In the JOB context, parameters
will be the row of the DataFrame that
pertains to that job instance. In the INTERACTIVE context,
parameters
will be the row that corresponds to
interactive_index
.
We unschedule the jobs here so that your Seeq Data Lab isn’t loaded down with executing this tutorial.
spy.jobs.unschedule()
Do something cool
Now, based on the parameters in parameters
, you can do something
interesting.

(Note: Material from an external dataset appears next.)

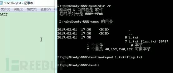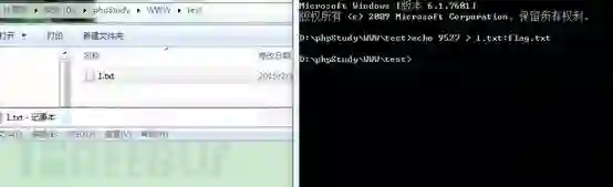 echo 9527 > 1.txt:flag.txt

In this example we’ll push a condition to a new (small)
asset tree.
parameters
Let’s pretend that we have a spiffy algorithm that can determine the health of our asset by looking at a couple of signals.

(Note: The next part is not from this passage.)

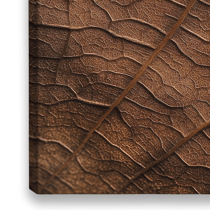 Een gedetailleerd blad ontvouwt zijn ruwe textuur in een fascinerend spel van licht en schaduw. De diepe aderen lopen over het bruinachtige oppervlak als verhalen van vervlogen tijden, terwijl fijne barsten en vouwen het verhaal van de tijd vertellen. Een harmonieuze combinatie van natuur en kunstwerk die de kijker uitnodigt om zich te…

health_data_df = spy.pull(spy.search({
'Asset': parameters['ID'],
'Name': 'Temperature'
}), header='Name')
health_indicator = health_data_df.mean()['Temperature']
health_status = 'HEALTHY' if health_indicator > 80 else 'UNHEALTHY'
metadata_df = pd.DataFrame([{
'Path': 'Parameterized Jobs Tutorial',
'Asset': f'{parameters["Name"]}',
'Name': 'Job Executions',
'Type': 'Condition',
'Maximum Duration': '1h'
}])
metadata_df
import datetime
start = datetime.datetime.now().isoformat()
end = (datetime.datetime.now() + datetime.timedelta(minutes=5)).isoformat()
capsule_data = pd.DataFrame([{
'Capsule Start': pd.to_datetime(start),
'Capsule End': pd.to_datetime(end),
'Health': health_status
}])
capsule_data
spy.push(capsule_data, metadata=metadata_df)
Scheduling from a separate notebook
The spy.jobs.push()
function accepts a datalab_notebook_url
parameter, so that a job can be pushed to another notebook to which you
have access. A common use case for this would be to enable a user of an
Add-on Mode notebook to configure a scheduled notebook through form
input. In such a scenario, the parameters specified by completion of the
form would need to be passed to the scheduled notebook.
path_to_here = '/notebooks/SPy%20Documentation/Advanced%20Scheduling/Parameterized%20Jobs.ipynb'
this_notebook_url = f'{spy.utils.get_data_lab_project_url()}{path_to_here}'
spy.jobs.push(schedule_df, spread='6 hours', datalab_notebook_url=this_notebook_url)
No additional work is needed to ensure the parameters are available in
the target Notebook. The schedule_df
used in the call to
spy.jobs.push()
is automatically pickled to a .pkl file in the
_Job DataFrames
folder of the Notebook being scheduled. To retrieve
the parameters for a specific job in the jobs DataFrame from the
scheduled Notebook, just call spy.jobs.pull()
:
parameters = spy.jobs.pull(interactive_index=1)
parameters
The JOB and INTERACTIVE contexts still apply as described
earlier in this tutorial. Use the interactive_index
to control which
row is returned by spy.jobs.pull()
in the interactive context.
The push
and pull
methods can both be used with an additional
label
argument, which is useful for enabling reuse of a single
Notebook with different parameters. For example, if it is desired to
have one schedule per user for a given notebook, the user’s ID could be
used as a label. This will ensure that two distinct users can schedule
the same notebook, possibly with distinct parameters created from a
separate notebook or from another application, without unscheduling the
other user’s jobs.
Another use for a label would be enabling the scheduling of a single
notebook from different Workbench Analyses using an Add-on Tool. In this
case, a convenient label would be an encoding of the Workbook and
Worksheet IDs of the origin worksheet, e.g.,
workbookId=77953A64-0675-47AE-826F-DEE1FD7AB4C5&worksheetId=5C83DF79-D725-4756-BBE6-4D2D1525D4FF
.